Over four years, Fernández-Valdés took on a task that "scared" him, as this is the first completely revamped revision of War and Peace into Spanish in the last 40 years. "I've been four years late", acknowledged the translator, who admitted that "there were changes right up to the moment of printing". "If they had let me, I would have made a thousand more changes", he said ironically, along with Helena Aguilà Ruzola, vice-president of ACE Traductores and host of the talk. 

"My coach became a small library", admitted Fernández-Valdés as he recounted how he documented both the translation and the introduction, available in the version published by Alba Editorial. Both documentation and organization were crucial for the translator, since, as he said, "if you don't have a database, you are lost". To this end, Fernández-Valdés insisted that the publisher include a map with the geographical points where the story takes places and a small family tree of the families in War and Peace, which has more than 550 characters. 

Four years of doubts and obstacles

During the time in which Fernández-Valdés has been immersed in the translation of Tolstoy's epic, he has encountered various obstacles, which he has been unraveling through questions from Aguilà Ruzola, but also from experts in Slavic literature who have participated in the talk virtually. From the general secretary of ACE Traductores, Marta Sánchez Nieves, who asked about the dilemmas of translation and transliteration, to the translator Olga Korobenko, who introduced one of the most interesting questions of the meeting: Do publishers needs to bring in native experts to fill the gaps that elude translators? 

Fernández-Valdés has welcomed this initiative, as he admitted that he himself always uses native speakers. "I doubt many things, but even more about Russian", said the translator, who explained that he collects "doubts that come up and every 15 days or so I meet with a native expert to solve them together". However, both the translator and Aguilà Ruzola agreed in warning that the reality of publishing houses is different and that "it is not viable". 
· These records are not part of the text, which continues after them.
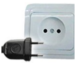
Type C: This socket also works with plug E and F

In South Korea the power sockets used are of type C and F. Check out the following pictures.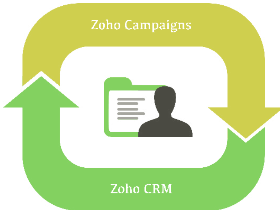
Sync contacts from Zoho CRM to Zoho Campaigns

By integrating Zoho CRM and Zoho Campaigns, sales teams don't have to wait for reports from marketing teams. This frees up time for sales teams to focus on bringing in more revenue. Syncing contacts between sales and marketing allows for: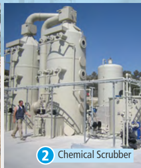
2 Chemical Scrubber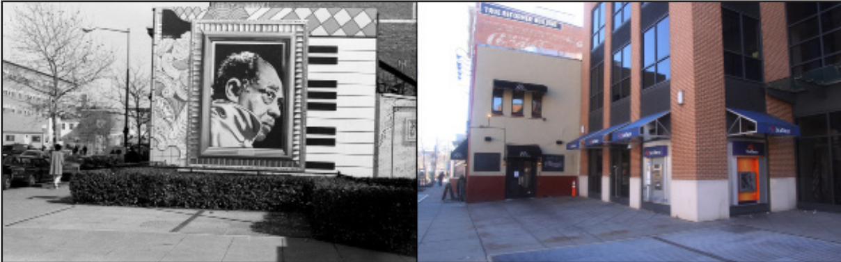
1214 U Street NW, 1999-2000 and present day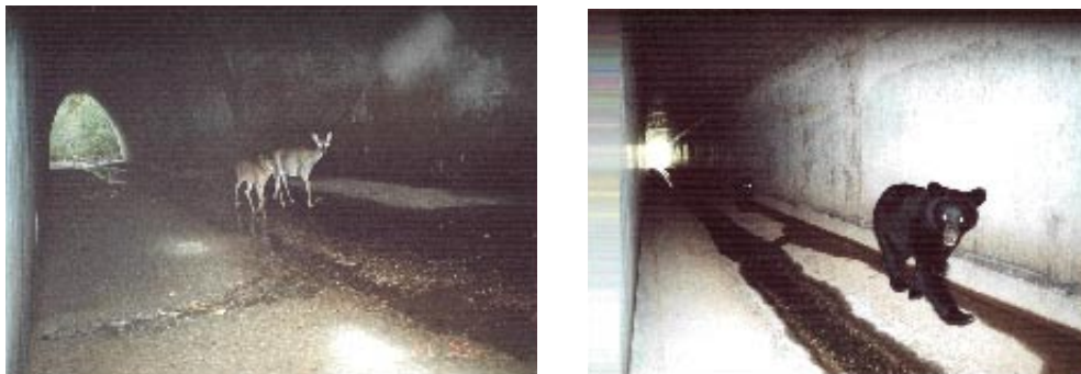
Fig. 4. Two examples of culverts monitored during the Phase I study with wildlife traveling through them.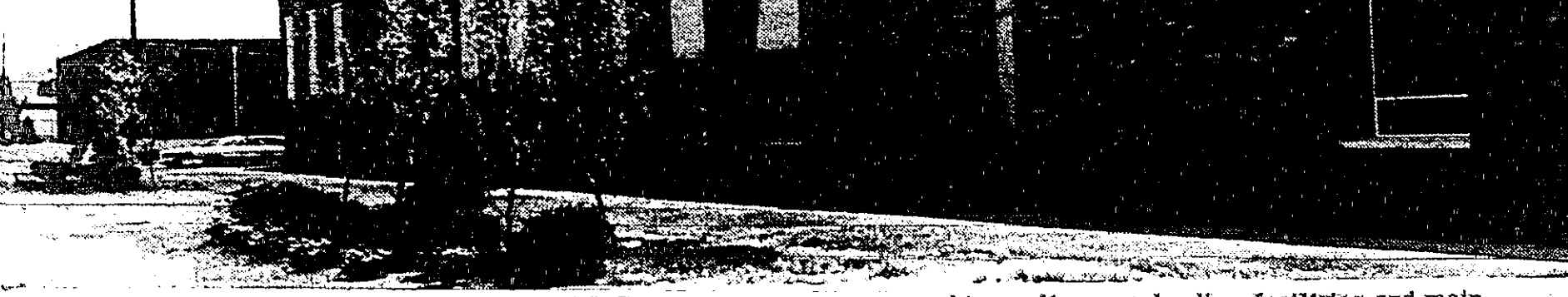
SOMETHING NEW... Rahway Industrial Center, a "garden apartment" for industrial tenants, is now under construction. The new center, which is being developed by American Construction Company of Iselin, will consist of a four-story building, off-street parking, off-street loading facilities and maintenance of the landscaped grounds. Leslie Blum Company, Newark real estate agent, is broker for the new center, which is being developed by American Construction Company of Iselin.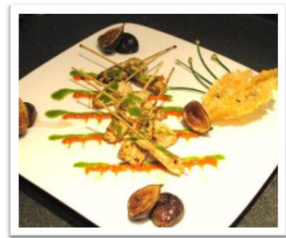
Teriyaki Chicken Skewers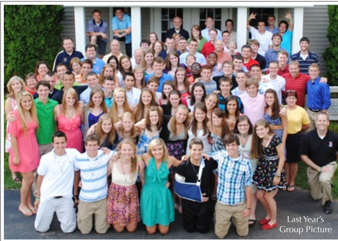
Last Year's Group Picture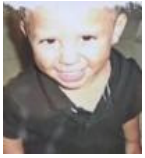
Toddler died after drinking gasoline 2 weeks ago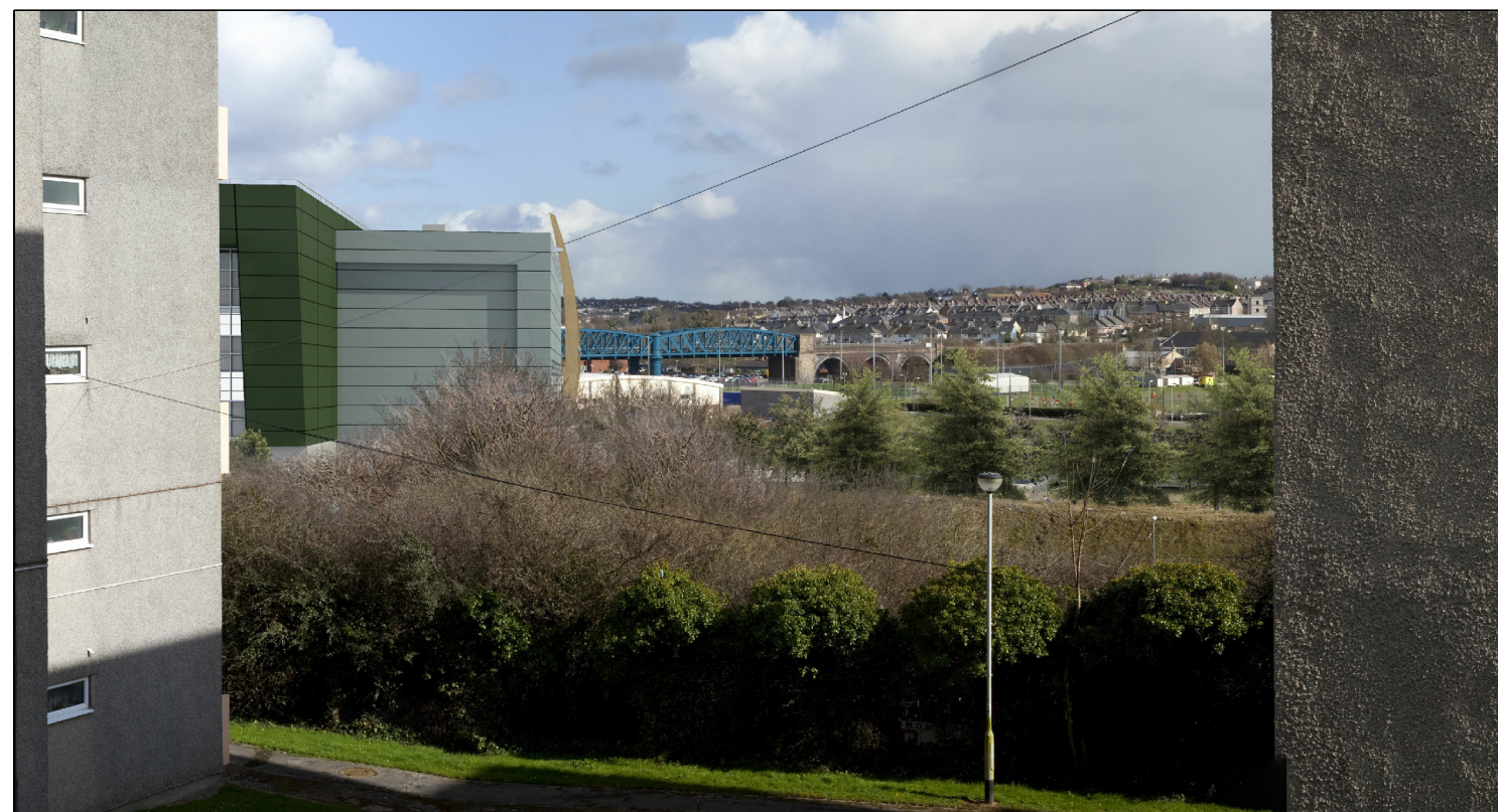
Proposed view 3a

"The text of War and Peace is an antidote to depression, because it is a hymn to life", said Tamara Djermanovic, professor of Slavic literature in the Department of Humanities at the Pompeu Fabra University and one of the special guests at the session. After this comment, Djermanovic was interested in Fernández-Valdés' relationship with the text during these four years, to which the translator responded: "It is impossible not to be swallowed by War and Peace when you read it; once you translated it, it is obsessive". 

Travel to learn

One of the things Fernández-Valdés, was most grateful for during the session was the having been able to visit the Tolstoy property. "The fact of knowing where he lived helped me to approach the writer in a spiritual, emotional way, which was crucial for me to translate him", said the translator. "It is not essential to walk on the same ground as the author to translate, but it is very useful", said Fernández-Valdés, who also recommended that translation professionals use the audiobook. 

An inner journey is precisely the one that Tolstoy makes from his early works to the great epic of War and Peace. However, far from what it may seem, "what is at the end of his work was already there at the beginning", said Fernández-Valdés. "Tolstoy never chose a straight path between A and B, but rather traces circles that advance slowly from point A to point B", argued Fernández-Valdés, exemplifying it with a technique in which he believes the Russian author was brilliant: "that state of slumber, of passing from the world of the living to the world of the dead. No one has done it like him. With him, even deaths are beautiful".